Среди парней, в основном шоферов, при крайнем возрасте не больше двадцати пяти, были и фронтовики. Ну, а девушки? Невольно говоришь словами песни. Девушки были помладше. Не из тех, что отправляли на фронт любимого, а тем более мужа, и требовали от кого-то, несколько лукавя, «вернуться с орденом». Но кто из них не мечтал, даже в десять лет, что в сорок пятом (впрочем, этого срока как раз и не знали) кто-то вспомнит пришедший однажды из тыла кисет и вдруг появится он – «как демобилизованный и гвардии сержант».

Где ж ты, мой сад… Где же вы теперь, друзья-однополчане, боевые спутники мои… Без нас девчатам кажется, что месяц сажей мажется, а звезды не горят. Были в той же квартире и ребята поменьше – то есть мы; мы бегали в комнату то к одним, то к другим, глотали дым и пили чай. Лучше всех пела песни одна: ее звали, кажется, Валя – не наша соседка, а ее подруга по Плехановскому. Можно даже сказать, незабываемый голос. В первый вечер, когда появилась она, мы и заметили то, о чем вспоминаешь и нынче нередко.

Голоса зазвучали так – о, чудо хора, чудо хоровода, – что охватили весь маленький дом. Зашел вскоре за спичками из соседней квартиры капитан Пашкин: «сотрудник армейской печати», представился он; а работал он и вправду в «Красной звезде». Пашкин несколько учительно сказал: «Поют Фатьянова. А меццо неплохое»; потом умно достал записную книжку и что-то там набросал.

Как обычно, затемно, с шумом и хохотом вышли из обеих комнат тех все, затоптались на кухне. Дело иногда и кончалось таким же чаем, только общим, а потом кинокартиной в соседних «Баррикадах» или гармошкой дома: был один, вроде всех других постарше, Толя – гармонист и лихач. В «Баррикады», кажется, на этот раз и пошли.
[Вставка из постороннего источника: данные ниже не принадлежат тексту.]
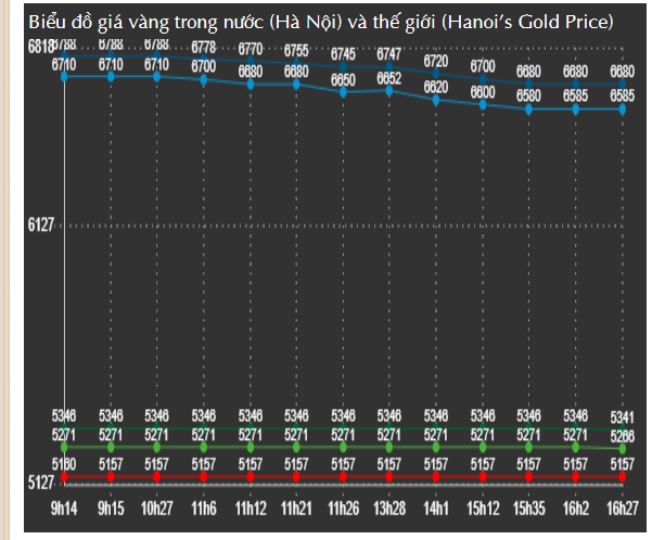 Tới 16h27 đồ thị giá vàng tăng nhẹ chiều mua vào lên mốc: 65,85 – 66,80 triệu đồng/lượng (MV- BR), tăng 50.000 đồng/lượng chiều mua vào và giữ nguyên chiều bán ra so với thời điểm liền trước.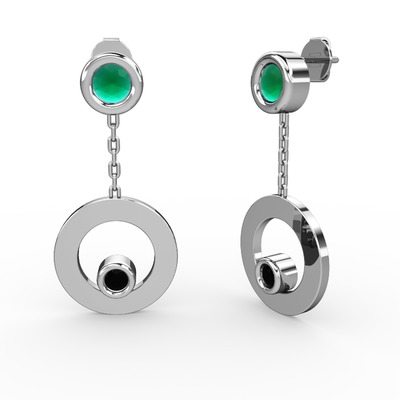 Kök zümrüt ve siyah zirkon 14 ayar beyaz altın küpe

Зачем-то задержался гармонист; через четверть часа из кино вернулась не кто иная, как Валя: забыла «конспекты». В полутемной кухне пошел разговор. Гармонист что-то мямлил (часовой ещё давности ухарство куда-то исчезло). И старинный, вроде незнакомый женский голос что-то ему отвечал. Но не от смущения речь девушки-заики походила на всхлипыванье или сдавленный лай.

Таковы были дикие жертвы войны. Пусть не так тогда резало глаз человечье уродство. Сколько видано было калек в поездах, на вокзалах. Пусть понятны были лишенья. Мало кто из детей мог тогда бы спросить: почему у меня нет отца? Но беда только-только блеснувшей у всех на глазах красоты… Даже сейчас, напевая ли песни Фатьянова или слушая, как их поют, ту разницу между песней и прозой переживаешь как какое-то ранение. Чуть не стыдно, что сам ты здоров.

Но посмотрим на то же – иначе: в чем не «разница», в чем родство Фатьянова с жизнью? Не в чем жизнь кого-то обошла, обделила, а что Фатьянов приносил ей в дар? Расцветали же от его песен уста и у тех, кто лишен был дара внятной человеческой речи?

 

* * *

 

Неизвестно, что записал тогда Пашкин и где он теперь. О Фатьянове же можно рассказать, и рассказать настолько же много, насколько мало про него написано в целом. Говорят, что комиссия по собиранию наследства ищет «данные», делает дело. Лучшим делом и вправду было бы создать много хороших книг о нем – искренних и истинных, как статьи его друга Николая Старшинова, и больших и полных, как фатьяновская судьба.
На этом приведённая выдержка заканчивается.